-------- Data in this exercise --------

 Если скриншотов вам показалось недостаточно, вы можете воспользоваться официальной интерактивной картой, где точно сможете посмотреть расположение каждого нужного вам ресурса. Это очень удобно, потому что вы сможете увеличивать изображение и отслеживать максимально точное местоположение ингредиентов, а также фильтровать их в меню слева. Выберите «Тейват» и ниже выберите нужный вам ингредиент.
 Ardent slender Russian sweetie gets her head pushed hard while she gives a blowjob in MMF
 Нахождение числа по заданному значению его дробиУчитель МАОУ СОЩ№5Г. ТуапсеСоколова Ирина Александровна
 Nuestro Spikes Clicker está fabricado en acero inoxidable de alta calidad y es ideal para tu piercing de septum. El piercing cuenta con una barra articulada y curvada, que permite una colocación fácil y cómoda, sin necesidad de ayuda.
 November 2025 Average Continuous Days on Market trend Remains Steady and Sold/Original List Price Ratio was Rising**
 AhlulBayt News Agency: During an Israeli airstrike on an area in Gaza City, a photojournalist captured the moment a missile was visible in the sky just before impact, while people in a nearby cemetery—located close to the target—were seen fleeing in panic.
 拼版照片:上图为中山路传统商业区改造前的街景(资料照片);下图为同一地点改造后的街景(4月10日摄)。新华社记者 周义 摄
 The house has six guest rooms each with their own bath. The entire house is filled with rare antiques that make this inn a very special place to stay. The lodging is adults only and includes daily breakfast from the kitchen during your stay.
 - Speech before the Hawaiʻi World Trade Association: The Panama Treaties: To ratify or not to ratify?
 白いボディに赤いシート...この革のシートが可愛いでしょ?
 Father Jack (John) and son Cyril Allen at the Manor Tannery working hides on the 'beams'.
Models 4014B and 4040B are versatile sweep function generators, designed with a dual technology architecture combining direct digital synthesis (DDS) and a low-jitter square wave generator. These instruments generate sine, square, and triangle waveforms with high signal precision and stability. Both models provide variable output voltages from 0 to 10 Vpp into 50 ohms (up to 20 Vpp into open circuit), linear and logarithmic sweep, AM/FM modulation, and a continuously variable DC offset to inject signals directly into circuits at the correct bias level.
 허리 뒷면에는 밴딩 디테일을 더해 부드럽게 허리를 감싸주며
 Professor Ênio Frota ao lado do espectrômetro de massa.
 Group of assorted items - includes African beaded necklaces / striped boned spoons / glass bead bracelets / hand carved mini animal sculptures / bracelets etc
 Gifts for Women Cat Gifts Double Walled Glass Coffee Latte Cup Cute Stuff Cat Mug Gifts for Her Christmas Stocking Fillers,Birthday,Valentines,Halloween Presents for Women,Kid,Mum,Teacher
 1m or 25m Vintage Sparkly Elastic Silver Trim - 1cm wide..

--------

Without changing a single word, reproduce the entries above.

* Problem solution *
 Если скриншотов вам показалось недостаточно, вы можете воспользоваться официальной интерактивной картой, где точно сможете посмотреть расположение каждого нужного вам ресурса. Это очень удобно, потому что вы сможете увеличивать изображение и отслеживать максимально точное местоположение ингредиентов, а также фильтровать их в меню слева. Выберите «Тейват» и ниже выберите нужный вам ингредиент.
 Ardent slender Russian sweetie gets her head pushed hard while she gives a blowjob in MMF
 Нахождение числа по заданному значению его дробиУчитель МАОУ СОЩ№5Г. ТуапсеСоколова Ирина Александровна
 Nuestro Spikes Clicker está fabricado en acero inoxidable de alta calidad y es ideal para tu piercing de septum. El piercing cuenta con una barra articulada y curvada, que permite una colocación fácil y cómoda, sin necesidad de ayuda.
 November 2025 Average Continuous Days on Market trend Remains Steady and Sold/Original List Price Ratio was Rising**
 AhlulBayt News Agency: During an Israeli airstrike on an area in Gaza City, a photojournalist captured the moment a missile was visible in the sky just before impact, while people in a nearby cemetery—located close to the target—were seen fleeing in panic.
 拼版照片:上图为中山路传统商业区改造前的街景(资料照片);下图为同一地点改造后的街景(4月10日摄)。新华社记者 周义 摄
 The house has six guest rooms each with their own bath. The entire house is filled with rare antiques that make this inn a very special place to stay. The lodging is adults only and includes daily breakfast from the kitchen during your stay.
 - Speech before the Hawaiʻi World Trade Association: The Panama Treaties: To ratify or not to ratify?
 白いボディに赤いシート...この革のシートが可愛いでしょ?
 Father Jack (John) and son Cyril Allen at the Manor Tannery working hides on the 'beams'.
Models 4014B and 4040B are versatile sweep function generators, designed with a dual technology architecture combining direct digital synthesis (DDS) and a low-jitter square wave generator. These instruments generate sine, square, and triangle waveforms with high signal precision and stability. Both models provide variable output voltages from 0 to 10 Vpp into 50 ohms (up to 20 Vpp into open circuit), linear and logarithmic sweep, AM/FM modulation, and a continuously variable DC offset to inject signals directly into circuits at the correct bias level.
 허리 뒷면에는 밴딩 디테일을 더해 부드럽게 허리를 감싸주며
 Professor Ênio Frota ao lado do espectrômetro de massa.
 Group of assorted items - includes African beaded necklaces / striped boned spoons / glass bead bracelets / hand carved mini animal sculptures / bracelets etc
 Gifts for Women Cat Gifts Double Walled Glass Coffee Latte Cup Cute Stuff Cat Mug Gifts for Her Christmas Stocking Fillers,Birthday,Valentines,Halloween Presents for Women,Kid,Mum,Teacher
 1m or 25m Vintage Sparkly Elastic Silver Trim - 1cm wide..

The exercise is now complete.